There are mainly two main important meridians of longitude. These are as follows:

• Prime Meridian (0° Longitude): It is also known as Greenwich Meridian as it passes through Greenwich near London where the original site of British Royal Observatory is located. This meridian also serves as the basis of different time zones of the world.
• Anti Meridian of Prime Meridian (180° Longitude): The anti-meridian( +/- 180-degree line of longitude) of Prime Meridian is exactly opposite to the Prime Meridian. It is mostly in alignment with the International Date Line (IDL) which demarcates the change of one calendar day. While in most places the anti-meridian and IDL coincide,  IDL deviates from anti-meridian in east or west direction at some places.  These deviations have been made to satisfy the political and economic requirements of the areas through which the anti-meridian passes.

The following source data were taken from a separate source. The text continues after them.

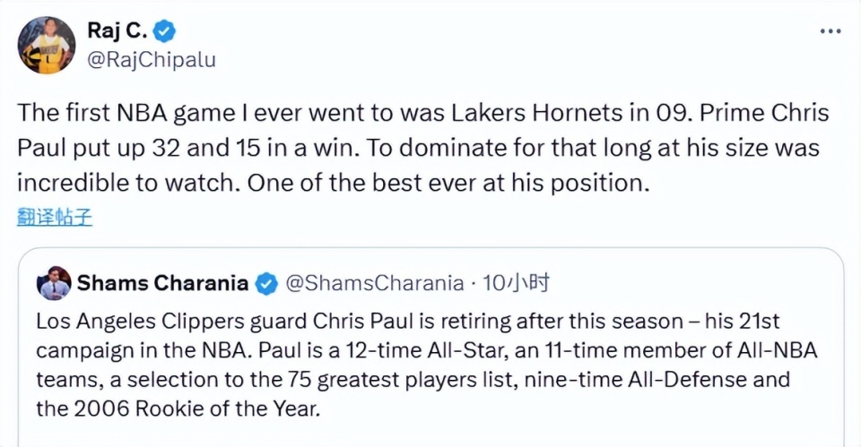 面对这名老将的退役,快船记者Jamal Cristopher发文称赞道:“他是篮球史上最伟大的球员之一,以他这样的身材达到这样的高度,能够与CP3真是我的荣幸。”
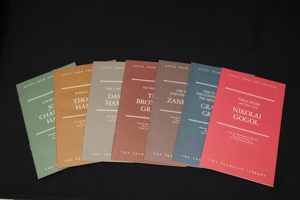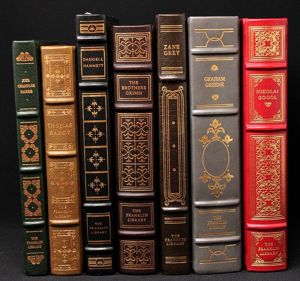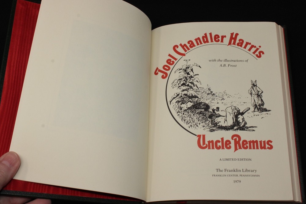 JOEL CHANDLER HARRIS Uncle Remus, illustrated by A.B. Frost . From THE FRANKLIN LIBRARY Limited Edition Series "Collected Stories of the World's Greatest Writers." Includes its "Notes from the Editors" booklet. ©1979, 172 pages, full leatherbound with gilt embossed boards and all-edge gilding, ribbon page marker, and silk moire endpapers. Near Fine condition, with a few light spots on the top-edge gilding (pic #3.) Binding is tight, pages are pristine & clean, no bookplate or personalization. (Please excuse the slant in pic #4, my table wasn't quite level!) Please review all photos, as they are part of this description. (This is the actual book you will receive - I do not utilize stock photos.) A handsome addition to your library, and quite giftable too! Check my listings, I have many more Franklin Library books available, and I'm happy to combine shipping. The Fine Print… Check my feedback rating, and buy with confidence! Please contact me if you have any questions or concerns before bidding. Most of my items come from Estate Sales, are previously owned, and are in good vintage condition unless otherwise noted. Please expect incidental evidence of age and use, such as light scratches, dust, toning and fingerprints. Vintage linens are sold As Found – they have not been laundered. I do call out any noticeable stains, flaws or damage on all my items, so please read the descriptions closely and review all photos. Payment is expected at time of auction close or purchase . Your order will be Cancelled after 5 days if I do not hear from you, and the item will be relisted - you will also be blocked from bidding/purchasing from me in future. I am happy to work with you if unexpected circumstances arise – just let me know! Sales tax will be automatically added to your purchase by Ebay, for those states where it is required. I ship exclusively through the US Postal Service, and often I will upgrade you to Priority Mail at no additional cost. I also sell Internationally, those sales are shipped through Ebay (EIS .) Any customs and import charges are the responsibility of the buyer. Your purchase will be carefully packed – let me know immediately if it arrives in less than stated condition. If your item is damaged in transit, please send photos of the item(s) and box. If you are unhappy with your item for any reason, please reach out to me and I will do my best to resolve the issue for you. I will gladly combine shipping! If you purchase more than one item, please wait to pay until I send you an invoice, as the shipping cost is determined by the total weight of your purchases. Any significant shipping overcharges, will be refunded to you.
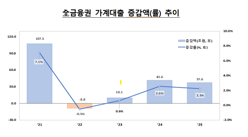14일 금융위원회가 발표한 '2025년 가계대출 동향'에 따르면 지난해 전 금융권 가계대출은 37조6000억원 늘어나 전년 말 대비 2.3% 증가했다.
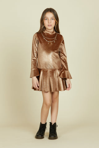 MILA short ruffled long sleeve dress with lurex chenille necklace

### Unit of Latitude & Longitude

The primary unit of both latitude and longitude is degrees (°) which is 1/360 of a full circle. Each degree can be divided into 60 minutes. Similarly, each minute can be divided into 60 seconds.

### Meeting Point of  0° Latitude and 0° Longitude

Null Island is the meeting point of Equator (0° Latitude) and the Prime-Meridian(0° Longitude). It is located in the international waters off the West African Coast in the Gulf of Guinea (Atlantic Ocean).